Steamは随時、ユーザーの使用しているハードウェアおよびソフトウェアの環境を調査しており、毎月結果を公表しています。2026年3月分の結果を見ると、大きな変動が記録されていました。
Steamハードウェア&ソフトウェア 調査
https://store.steampowered.com/hwsurvey/Steam-Hardware-Software-Survey-Welcome-to-Steam?platform=combined
Steamの調査結果の1番上に表示されるのはOSのシェアです。右端の数字が先月比となっており、Windows 11が10%以上増加し、Windows 10からの乗り換えが一気に進んだように見えます。また、Linuxのシェアが倍以上に増加しているようにも見えます。
しかし、使用言語の欄を見ると中国本土で使用されている簡体字が31.85%も減少。これまで約半数が中国語ユーザーだったところが、シェアが約23%まで低下していました。
中国では政府の検閲を受けたタイトルのみプレイできる中国版Steamを使用する必要がありますが、これを嫌うユーザーは国際版のSteamを遊ぶためにVPNを利用しているという実態があります。しかし、2026年3月11日には「VPNを無許可で使用した」として男性2人が罰金処分を受けたことが公表されました。
実際、中国で人気があり2026年には世界大会が上海で開催されることも決まっているゲーム「Dota 2」の接続数の推移を見ると3月11日付近から接続数が急減。事件が中国国内のSteamユーザーに影響を与えていることがうかがえます。
これを踏まえると、3月にWindows 11への乗り換えが一気に進んだのではなく、中国国内のSteamユーザーが主にWindows 10を使用していたため、中国国内からのアクセスが激減したためOSのシェアが激減してしまったように見えただけと考えられそうです。
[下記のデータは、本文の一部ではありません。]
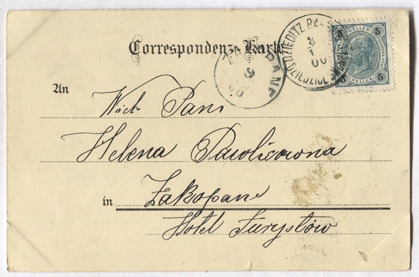 Verlag Automaten-Fabrik C. F. Schülze & C-e, Berlin S.O. Z korespondencją i znaczkiem. Data stempla 8 X 1900. Niewielkie zaplamienie strony adresowej, zagniecenia narożników - efekt przechowywania w albumie.
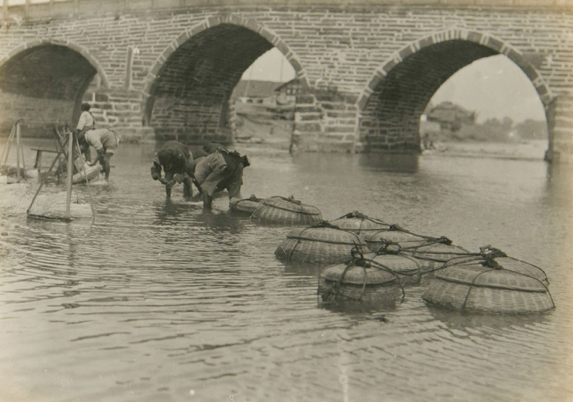 成都万里桥下浣纱之百姓,旁边是鱼篓 (成都图书馆供图)
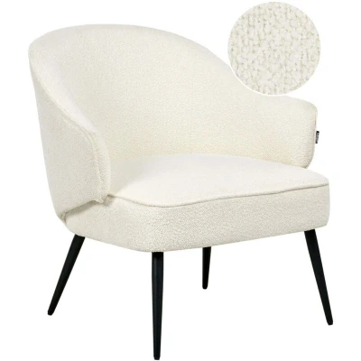 General description This cosy teddy-style armchair is a comfortable and visually appealing addition to any living room. Upholstered in soft off-white bouclé fabric, the rounded seat and backrest offer both support and a cosy look. The powder-coated metal legs ensure stability and add a subtle visual contrast, making it a perfect fit for modern or industrial interiors. It serves well as an extra seating option or a decorative piece in your relaxation area. Technical specifications Product Type: Armchair Style: Industrial General Color: White, Black Shade: Off-White Main Material: Boucle Additional Material: Wood Filling Material: Sponge Legs Material: Metal Material Composition: 100% Polyester Armrests: Yes Seat Construction: Elastic Belt Seat Foam Density: 28 kg/m3 Dimensions: Armrests Height: 64 cm, Depth: 76 cm, Seat Thickness: 12 cm, Seat Height: 50 cm, Width: 70 cm, Height: 77 cm, Seating Surface: 55x62 cm Weight: 10 kg Weight Capacity: 130 kg Installation Partial Assembly

同様に、他の項目でも中国国内のSteamユーザーが使用していたPCの一般的なスペックを推測可能。例えばメモリの搭載量のデータを見ると16GBが急増して32GBが急減しているように見えますが、中国国内のSteamユーザーが主にメモリを32GB搭載したPCを使用していたと考えるとつじつまが合います。
モニターの解像度ではフルHDが増加してQuad HDが減少しています。中国国内のSteamユーザーの多くがQuad HDのモニターを使用していた模様。
なお、Steam上ではWindowsが92%と圧倒的なシェアを誇っていますが、CDNサービスを展開するCloudflareの統計によるとWindowsのシェアは74%、macOSが21%、Linuxが3.3%となっていました。